- Born: Charles Henry Chapman April 1, 1879 Thetford, Norfolk, England
- Died: 1972 (aged 92–93) Tokers Green, England
- Education: University of Reading

= C. H. Chapman =

American illustrator and cartoonist (1879–1972)

Charles Henry Chapman (April 1, 1879 – 1972), who signed his work as C. H. Chapman, was a British illustrator and cartoonist best known for his work in boys' story papers such as The Magnet where the character Billy Bunter appeared. He later illustrated Bunter cartoon strips and several Bunter books published in the 1950s and 1960s.

==Life==
Chapman was born in Thetford, Norfolk, on 1 April 1879, and attended Kendrick School in Reading, Berkshire, where he created and illustrated a school magazine, The Kendrick Comet. He studied art at the University of Reading, after which he was apprenticed to an architect. He had his first drawing published in the story paper The Captain in 1900, and over the next ten years drew for story papers and comics including Marvel, Pluck, the Boy's Friend, Boy's Herald, Boy's Leader, Illustrated Chips, Comic Cuts, Jester, Big Budget, and Ally Sloper's Half Holiday.
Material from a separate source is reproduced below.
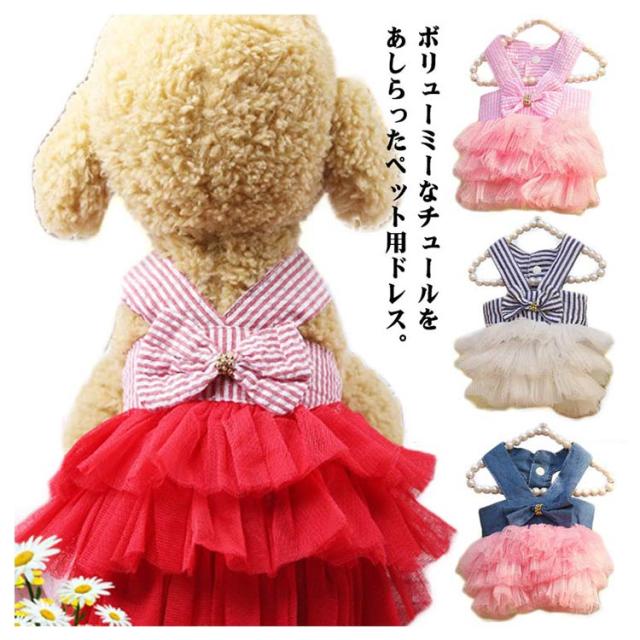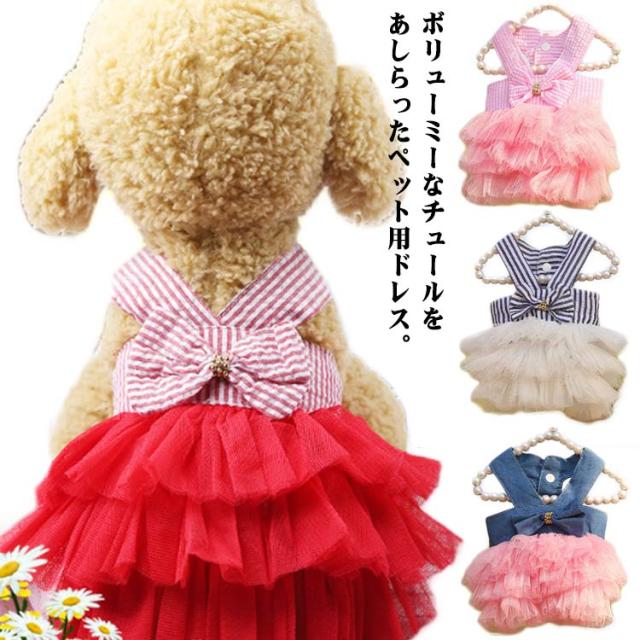 猫 キャミソールワンピ 犬 犬服 犬の服 キャットウェア ワンピース チュール リボン ペット服 猫の服 ノースリーブ ドレス 洋服 猫服 ペットウェア ドッグウェア お散歩 お出かけ 春夏 犬

From 1911 to 1940 he illustrated Charles Hamilton's Greyfriars School stories, featuring Billy Bunter, for The Magnet, also drawing the magazine's covers until 1926. When the comic Knockout launched in 1938 with a Billy Bunter comic strip, Chapman drew the early instalments before being replaced by Frank Minnitt. On the death of R. J. Macdonald in 1954 he took over illustrating the Billy Bunter novels. In the 1950s and '60s he illustrated Cassell's Billy Bunter's Own annuals. In the mid-1960s he moved to Wingfield, Tokers Green Lane, Tokers Green, to the north of Caversham, commuting daily from Reading to London by train for many years. He died in 1972, survived by two daughters, Dorothy and Marjorie.